### Try it
Retype each line below without a single alteration.

[Dataset items]
----------

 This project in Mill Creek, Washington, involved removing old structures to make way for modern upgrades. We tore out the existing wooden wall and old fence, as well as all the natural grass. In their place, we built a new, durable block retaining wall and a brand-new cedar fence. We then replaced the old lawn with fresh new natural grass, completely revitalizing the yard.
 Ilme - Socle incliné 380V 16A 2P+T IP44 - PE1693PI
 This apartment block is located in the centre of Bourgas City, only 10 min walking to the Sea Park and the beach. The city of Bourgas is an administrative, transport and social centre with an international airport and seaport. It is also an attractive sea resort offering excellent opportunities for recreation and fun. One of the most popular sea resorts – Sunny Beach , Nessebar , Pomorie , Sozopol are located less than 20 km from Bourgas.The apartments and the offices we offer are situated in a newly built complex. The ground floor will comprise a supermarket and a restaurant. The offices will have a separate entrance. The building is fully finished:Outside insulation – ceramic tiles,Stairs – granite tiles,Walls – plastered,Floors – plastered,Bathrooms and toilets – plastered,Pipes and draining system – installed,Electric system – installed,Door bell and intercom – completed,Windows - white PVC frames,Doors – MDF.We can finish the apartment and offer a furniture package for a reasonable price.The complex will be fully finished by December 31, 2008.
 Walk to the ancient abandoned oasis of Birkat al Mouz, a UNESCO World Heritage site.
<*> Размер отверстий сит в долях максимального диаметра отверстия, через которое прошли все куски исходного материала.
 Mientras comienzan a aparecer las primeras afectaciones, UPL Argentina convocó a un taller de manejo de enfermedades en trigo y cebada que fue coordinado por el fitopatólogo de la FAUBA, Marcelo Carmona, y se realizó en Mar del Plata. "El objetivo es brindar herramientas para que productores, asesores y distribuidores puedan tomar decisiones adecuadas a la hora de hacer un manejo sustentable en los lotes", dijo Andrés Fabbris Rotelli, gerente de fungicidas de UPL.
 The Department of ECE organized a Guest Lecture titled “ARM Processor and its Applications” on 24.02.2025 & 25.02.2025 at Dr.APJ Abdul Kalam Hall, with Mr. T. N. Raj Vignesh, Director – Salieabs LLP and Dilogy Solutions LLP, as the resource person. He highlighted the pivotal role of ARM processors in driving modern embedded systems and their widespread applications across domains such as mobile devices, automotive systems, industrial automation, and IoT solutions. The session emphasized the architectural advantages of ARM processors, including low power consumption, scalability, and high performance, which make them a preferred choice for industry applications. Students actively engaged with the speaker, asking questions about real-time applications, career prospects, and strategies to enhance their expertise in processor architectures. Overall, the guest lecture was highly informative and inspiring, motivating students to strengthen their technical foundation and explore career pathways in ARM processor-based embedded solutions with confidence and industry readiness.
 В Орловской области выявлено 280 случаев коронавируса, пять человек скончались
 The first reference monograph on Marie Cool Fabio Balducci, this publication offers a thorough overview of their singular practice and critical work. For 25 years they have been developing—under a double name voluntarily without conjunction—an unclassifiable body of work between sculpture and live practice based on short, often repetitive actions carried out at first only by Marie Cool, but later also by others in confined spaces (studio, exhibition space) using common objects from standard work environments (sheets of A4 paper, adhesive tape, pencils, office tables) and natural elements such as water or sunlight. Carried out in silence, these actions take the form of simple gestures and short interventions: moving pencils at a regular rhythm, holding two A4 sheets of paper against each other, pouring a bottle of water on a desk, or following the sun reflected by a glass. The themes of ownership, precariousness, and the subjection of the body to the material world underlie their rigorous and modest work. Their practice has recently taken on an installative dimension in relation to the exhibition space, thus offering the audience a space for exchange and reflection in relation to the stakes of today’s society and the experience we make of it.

----------

### Answer box
 This project in Mill Creek, Washington, involved removing old structures to make way for modern upgrades. We tore out the existing wooden wall and old fence, as well as all the natural grass. In their place, we built a new, durable block retaining wall and a brand-new cedar fence. We then replaced the old lawn with fresh new natural grass, completely revitalizing the yard.
 Ilme - Socle incliné 380V 16A 2P+T IP44 - PE1693PI
 This apartment block is located in the centre of Bourgas City, only 10 min walking to the Sea Park and the beach. The city of Bourgas is an administrative, transport and social centre with an international airport and seaport. It is also an attractive sea resort offering excellent opportunities for recreation and fun. One of the most popular sea resorts – Sunny Beach , Nessebar , Pomorie , Sozopol are located less than 20 km from Bourgas.The apartments and the offices we offer are situated in a newly built complex. The ground floor will comprise a supermarket and a restaurant. The offices will have a separate entrance. The building is fully finished:Outside insulation – ceramic tiles,Stairs – granite tiles,Walls – plastered,Floors – plastered,Bathrooms and toilets – plastered,Pipes and draining system – installed,Electric system – installed,Door bell and intercom – completed,Windows - white PVC frames,Doors – MDF.We can finish the apartment and offer a furniture package for a reasonable price.The complex will be fully finished by December 31, 2008.
 Walk to the ancient abandoned oasis of Birkat al Mouz, a UNESCO World Heritage site.
<*> Размер отверстий сит в долях максимального диаметра отверстия, через которое прошли все куски исходного материала.
 Mientras comienzan a aparecer las primeras afectaciones, UPL Argentina convocó a un taller de manejo de enfermedades en trigo y cebada que fue coordinado por el fitopatólogo de la FAUBA, Marcelo Carmona, y se realizó en Mar del Plata. "El objetivo es brindar herramientas para que productores, asesores y distribuidores puedan tomar decisiones adecuadas a la hora de hacer un manejo sustentable en los lotes", dijo Andrés Fabbris Rotelli, gerente de fungicidas de UPL.
 The Department of ECE organized a Guest Lecture titled “ARM Processor and its Applications” on 24.02.2025 & 25.02.2025 at Dr.APJ Abdul Kalam Hall, with Mr. T. N. Raj Vignesh, Director – Salieabs LLP and Dilogy Solutions LLP, as the resource person. He highlighted the pivotal role of ARM processors in driving modern embedded systems and their widespread applications across domains such as mobile devices, automotive systems, industrial automation, and IoT solutions. The session emphasized the architectural advantages of ARM processors, including low power consumption, scalability, and high performance, which make them a preferred choice for industry applications. Students actively engaged with the speaker, asking questions about real-time applications, career prospects, and strategies to enhance their expertise in processor architectures. Overall, the guest lecture was highly informative and inspiring, motivating students to strengthen their technical foundation and explore career pathways in ARM processor-based embedded solutions with confidence and industry readiness.
 В Орловской области выявлено 280 случаев коронавируса, пять человек скончались
 The first reference monograph on Marie Cool Fabio Balducci, this publication offers a thorough overview of their singular practice and critical work. For 25 years they have been developing—under a double name voluntarily without conjunction—an unclassifiable body of work between sculpture and live practice based on short, often repetitive actions carried out at first only by Marie Cool, but later also by others in confined spaces (studio, exhibition space) using common objects from standard work environments (sheets of A4 paper, adhesive tape, pencils, office tables) and natural elements such as water or sunlight. Carried out in silence, these actions take the form of simple gestures and short interventions: moving pencils at a regular rhythm, holding two A4 sheets of paper against each other, pouring a bottle of water on a desk, or following the sun reflected by a glass. The themes of ownership, precariousness, and the subjection of the body to the material world underlie their rigorous and modest work. Their practice has recently taken on an installative dimension in relation to the exhibition space, thus offering the audience a space for exchange and reflection in relation to the stakes of today’s society and the experience we make of it.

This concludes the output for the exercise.